• Dataset excerpts:
════════

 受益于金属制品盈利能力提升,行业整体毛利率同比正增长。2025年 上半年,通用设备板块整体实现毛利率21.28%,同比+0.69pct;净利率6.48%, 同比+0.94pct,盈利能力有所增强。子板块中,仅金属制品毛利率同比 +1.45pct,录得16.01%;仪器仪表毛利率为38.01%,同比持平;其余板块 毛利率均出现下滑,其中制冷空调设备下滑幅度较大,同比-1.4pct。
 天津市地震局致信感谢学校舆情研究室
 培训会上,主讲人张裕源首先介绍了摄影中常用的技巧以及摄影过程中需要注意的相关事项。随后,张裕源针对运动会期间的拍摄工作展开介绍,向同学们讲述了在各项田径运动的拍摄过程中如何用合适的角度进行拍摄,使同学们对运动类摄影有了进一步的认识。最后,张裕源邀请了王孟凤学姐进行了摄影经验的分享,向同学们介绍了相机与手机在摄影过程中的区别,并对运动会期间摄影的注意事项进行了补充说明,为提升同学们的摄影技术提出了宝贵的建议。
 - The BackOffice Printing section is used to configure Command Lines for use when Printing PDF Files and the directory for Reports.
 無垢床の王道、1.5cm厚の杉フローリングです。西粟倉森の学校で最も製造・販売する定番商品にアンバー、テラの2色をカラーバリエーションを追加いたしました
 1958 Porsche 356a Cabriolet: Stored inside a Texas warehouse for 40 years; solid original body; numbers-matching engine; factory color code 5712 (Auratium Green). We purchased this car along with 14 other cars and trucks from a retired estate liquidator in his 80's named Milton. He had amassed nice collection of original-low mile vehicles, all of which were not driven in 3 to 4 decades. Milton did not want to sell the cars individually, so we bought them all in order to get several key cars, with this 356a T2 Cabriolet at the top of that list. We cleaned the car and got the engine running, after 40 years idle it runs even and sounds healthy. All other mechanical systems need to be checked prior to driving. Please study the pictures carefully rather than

════════

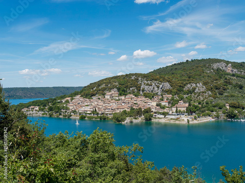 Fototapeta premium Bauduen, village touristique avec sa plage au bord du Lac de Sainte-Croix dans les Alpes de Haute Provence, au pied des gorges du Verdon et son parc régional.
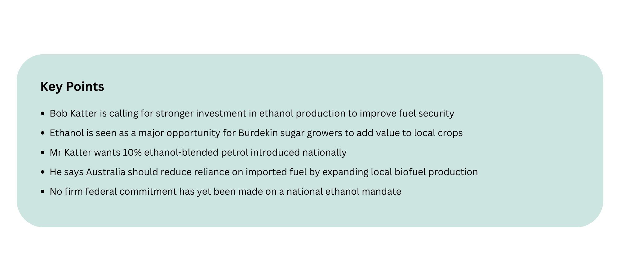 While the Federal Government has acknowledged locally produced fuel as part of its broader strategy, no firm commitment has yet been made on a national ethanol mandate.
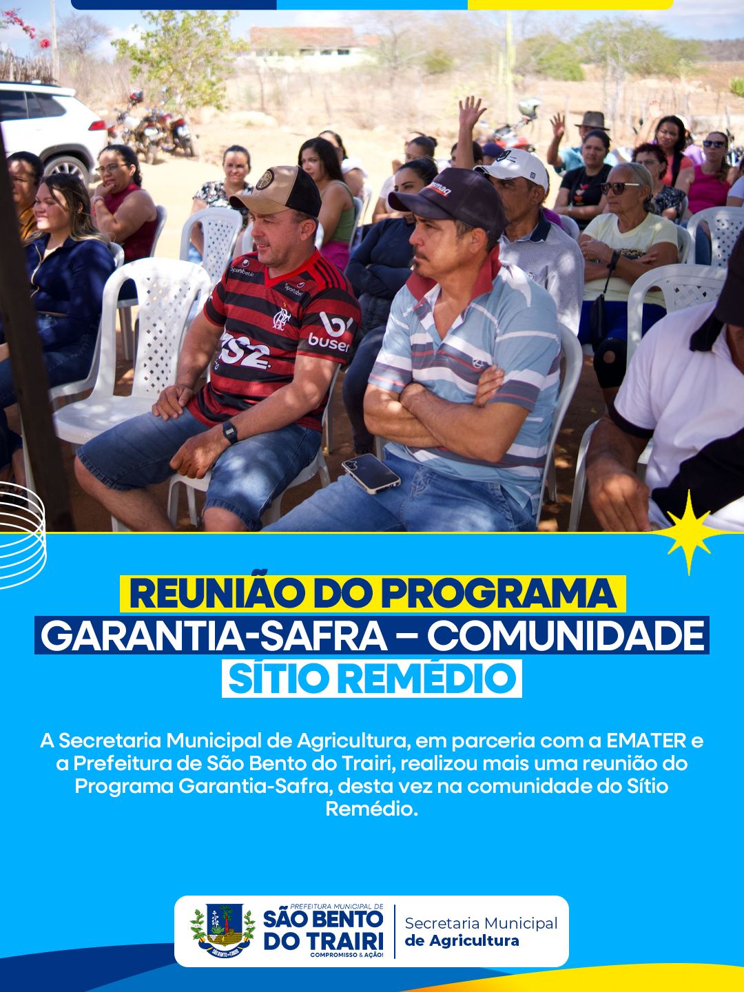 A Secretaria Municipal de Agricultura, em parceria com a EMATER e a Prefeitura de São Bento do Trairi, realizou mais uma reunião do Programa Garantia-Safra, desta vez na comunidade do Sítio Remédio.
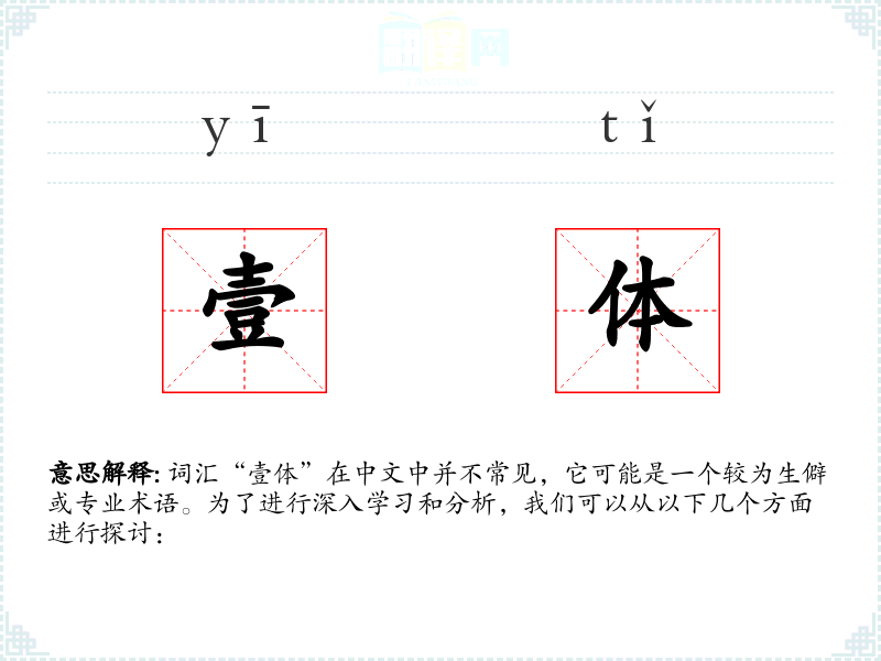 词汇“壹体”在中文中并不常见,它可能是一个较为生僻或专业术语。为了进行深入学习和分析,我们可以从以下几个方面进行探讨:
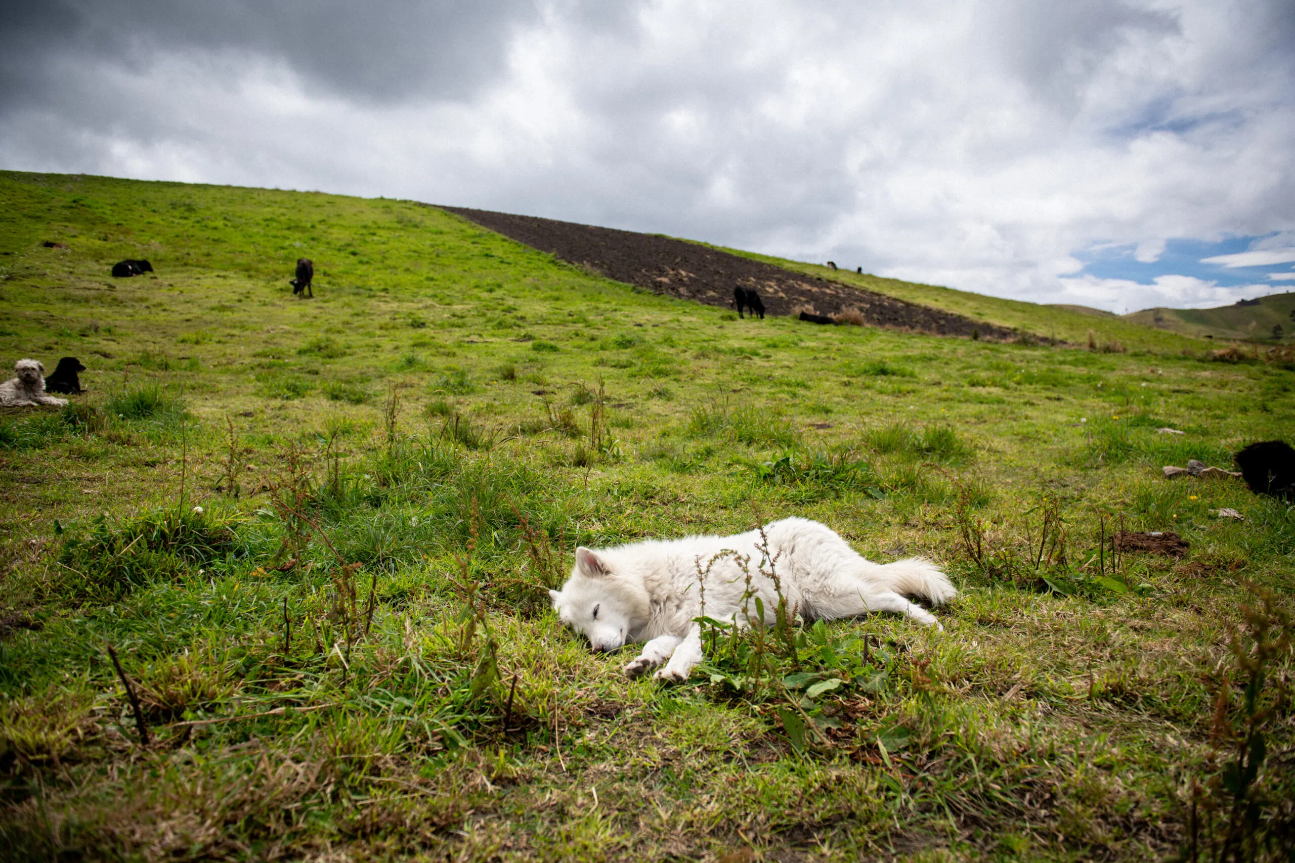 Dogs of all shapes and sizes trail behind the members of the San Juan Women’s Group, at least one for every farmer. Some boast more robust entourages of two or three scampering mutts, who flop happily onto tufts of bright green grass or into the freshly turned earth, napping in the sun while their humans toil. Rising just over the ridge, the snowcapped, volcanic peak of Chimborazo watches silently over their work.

════════

• What is needed: What lines above run from the one with "While the Federal" to the one with "A Secretaria Municipal"? Give them again exactly, ends included, and leave the pictures out.

• Exercise result:
 While the Federal Government has acknowledged locally produced fuel as part of its broader strategy, no firm commitment has yet been made on a national ethanol mandate.
 A Secretaria Municipal de Agricultura, em parceria com a EMATER e a Prefeitura de São Bento do Trairi, realizou mais uma reunião do Programa Garantia-Safra, desta vez na comunidade do Sítio Remédio.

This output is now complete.